[TASK STATEMENT] For the entries that appear below, write out the exact text and omit the pictures.

(Saved entries)
_ _ _

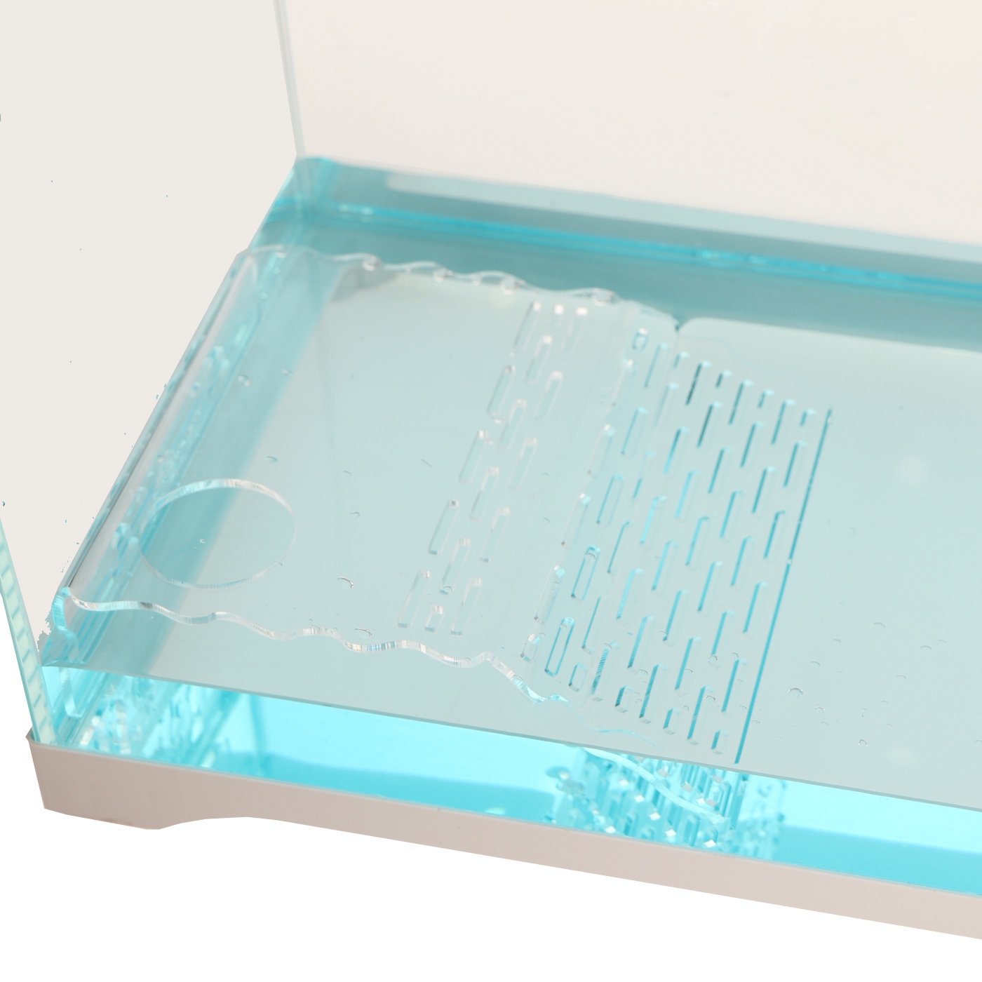 Wyspa jest bardzo estetycznie wycięta. Wykonanie z akrylu sprawia, że staje się niewidoczna w zbiorniku.
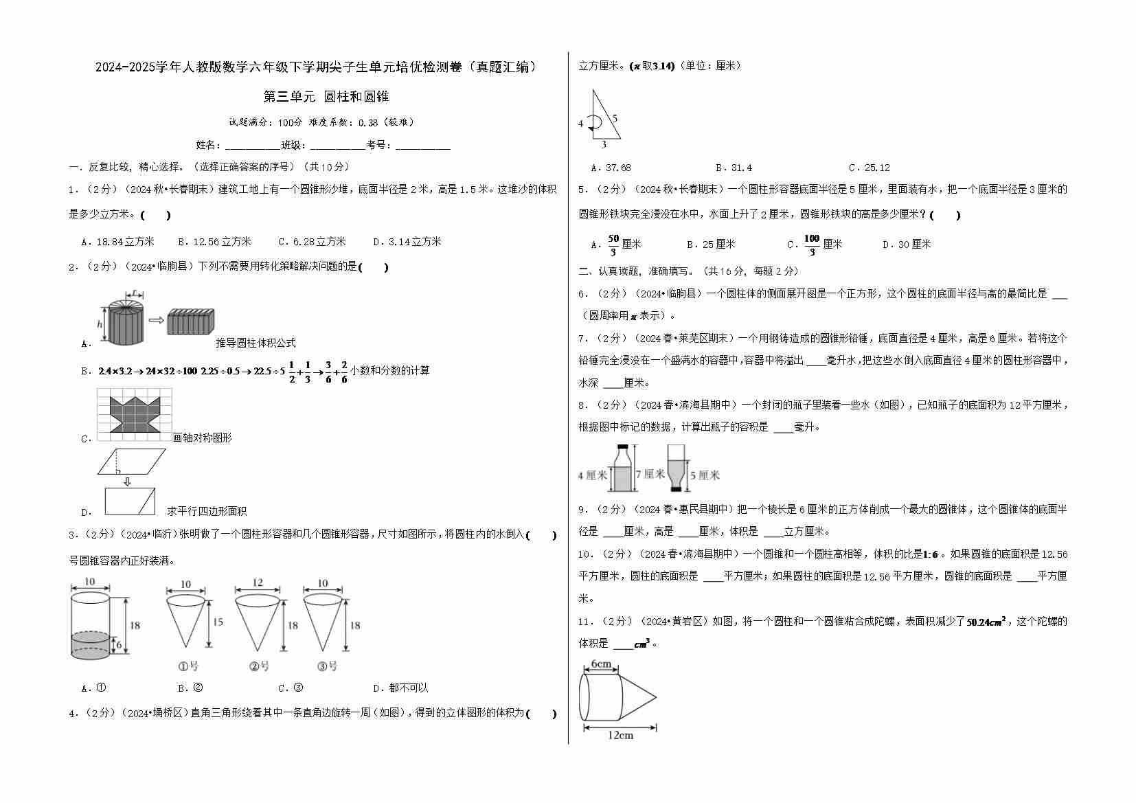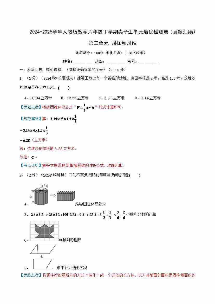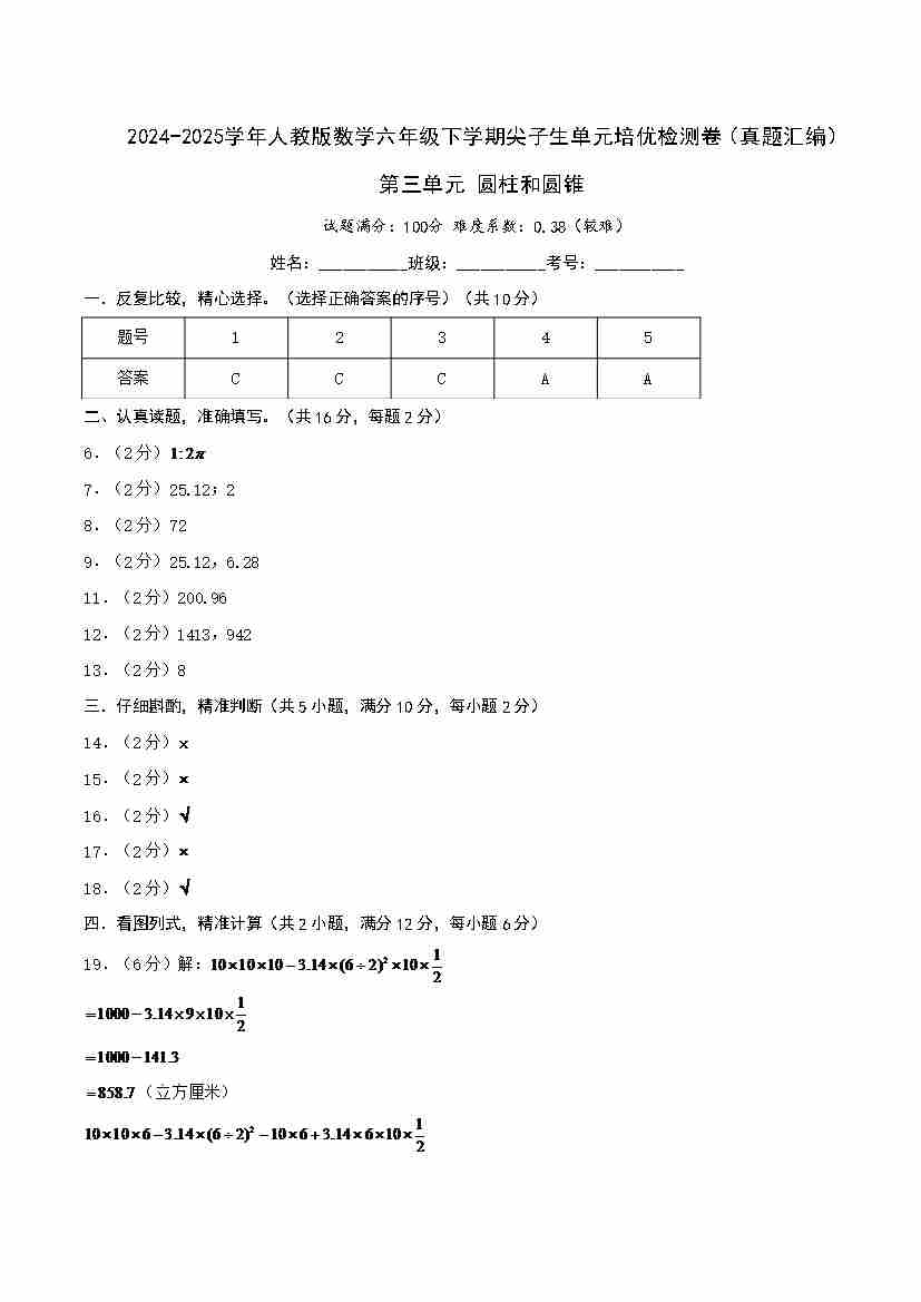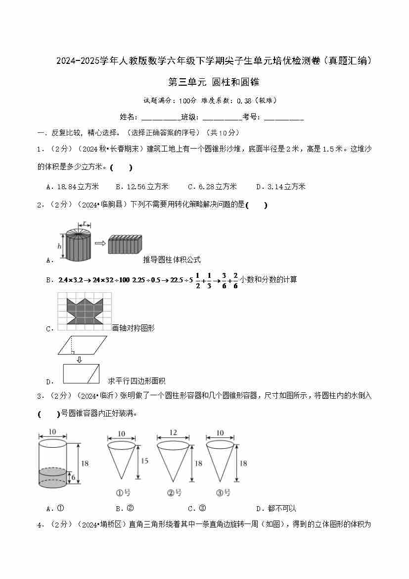 第三单元 圆柱和圆锥-(真题汇编)A3原卷
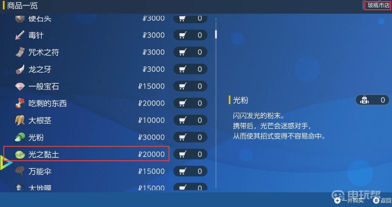 光之黏土在玻瓶市信使鳥商店購買獲得,信使鳥商店的位置如下圖所示。
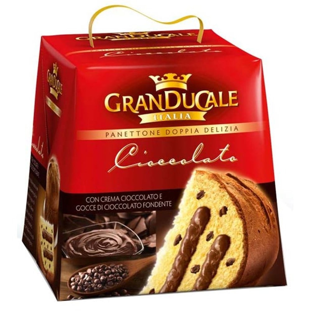 Panettone GranDucale Double Chocolate është një ëmbëlsirë premium italiane, e mbushur me krem çokollate dhe copëza çokollate, që ofron një shije të pasur dhe intensive. I përgatitur me një recetë 100% me gjalpë, garanton butësi dhe aromë të jashtëzakonshme.
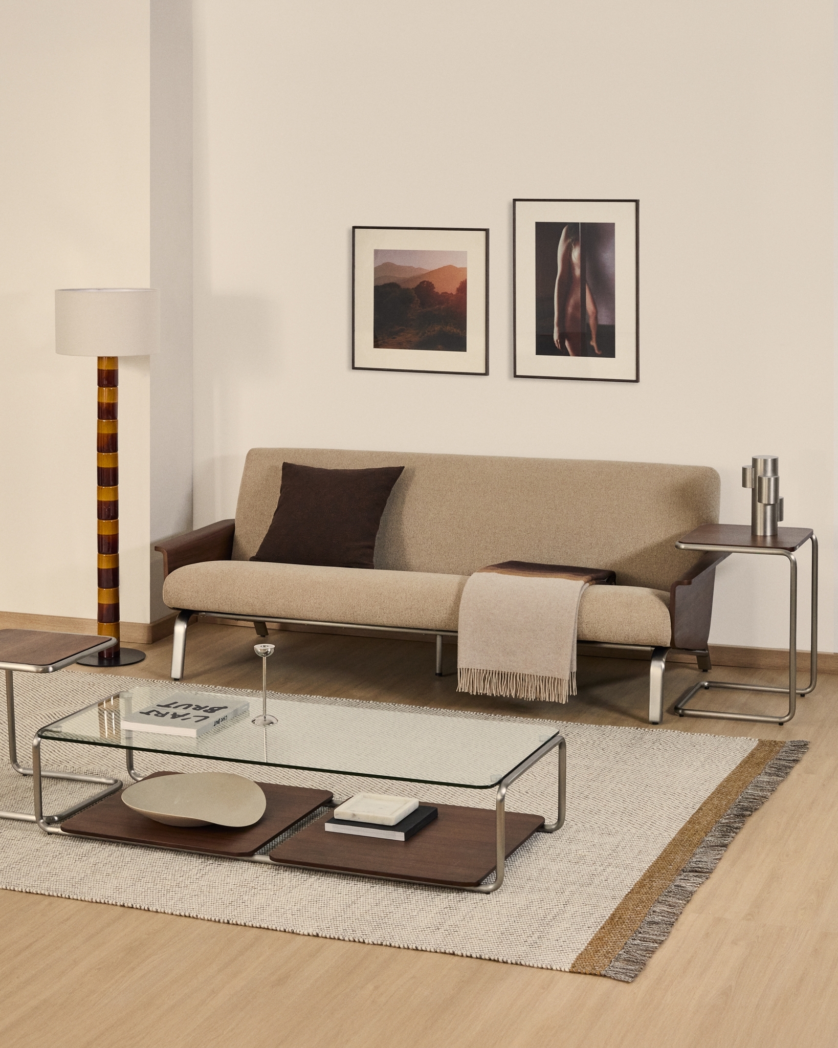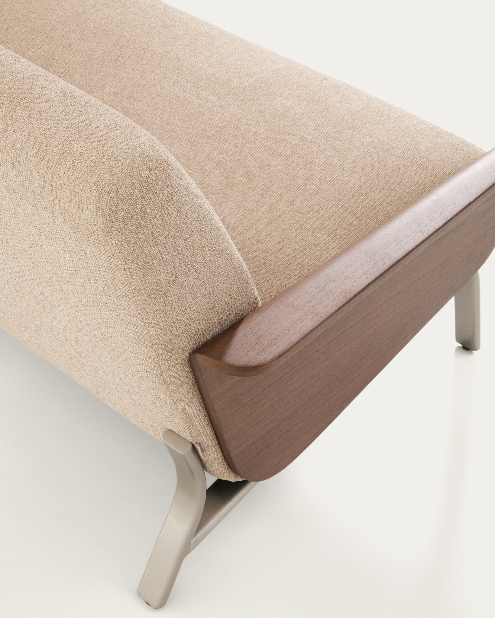3-местный диван Amsen светло-коричневый с подлокотниками из шпона ореха
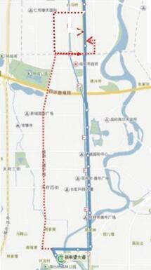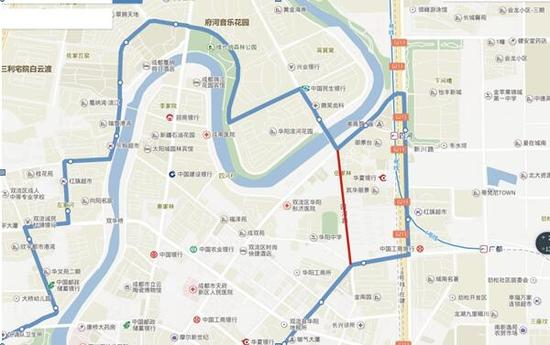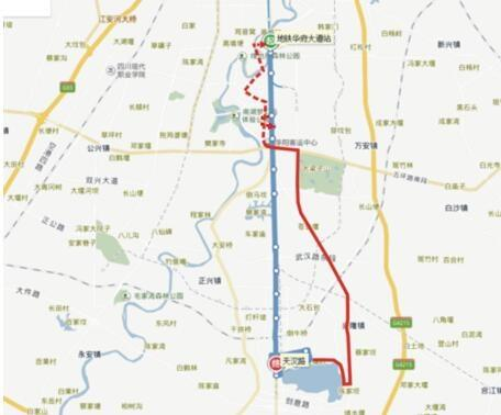 公济桥路西站至天华路,行驶路线及站点不变,右转至世纪城路,右转至世纪城南路,左转至中和大道后回原线行驶。
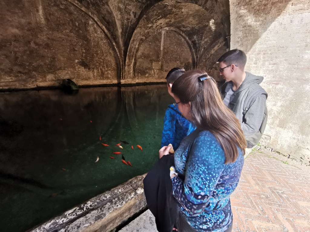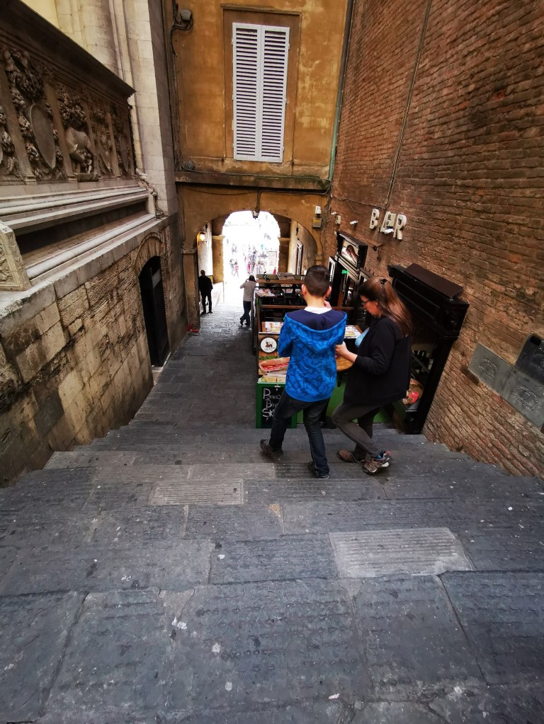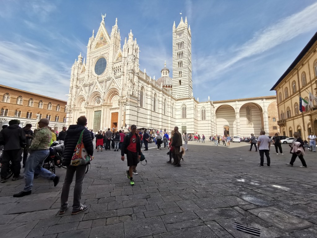 Z náměstí jsme zamířili k bazilice-katedrále Duomo di Siena, která je druhou nepřehlédnutelnou dominantou města. I tady ale lze čekat davy turistů. O mnoho klidnější a komornější zážitek pak ale nabízí cesta od ní pak dolů k vodnímu rezervoáru Fontebranda a zase zpátky nahoru do města. A pak již zpět k autu.

_ _ _

[EXERCISE ANSWER]
 Wyspa jest bardzo estetycznie wycięta. Wykonanie z akrylu sprawia, że staje się niewidoczna w zbiorniku.
 第三单元 圆柱和圆锥-(真题汇编)A3原卷
 光之黏土在玻瓶市信使鳥商店購買獲得,信使鳥商店的位置如下圖所示。
 Panettone GranDucale Double Chocolate është një ëmbëlsirë premium italiane, e mbushur me krem çokollate dhe copëza çokollate, që ofron një shije të pasur dhe intensive. I përgatitur me një recetë 100% me gjalpë, garanton butësi dhe aromë të jashtëzakonshme.
3-местный диван Amsen светло-коричневый с подлокотниками из шпона ореха
 公济桥路西站至天华路,行驶路线及站点不变,右转至世纪城路,右转至世纪城南路,左转至中和大道后回原线行驶。
 Z náměstí jsme zamířili k bazilice-katedrále Duomo di Siena, která je druhou nepřehlédnutelnou dominantou města. I tady ale lze čekat davy turistů. O mnoho klidnější a komornější zážitek pak ale nabízí cesta od ní pak dolů k vodnímu rezervoáru Fontebranda a zase zpátky nahoru do města. A pak již zpět k autu.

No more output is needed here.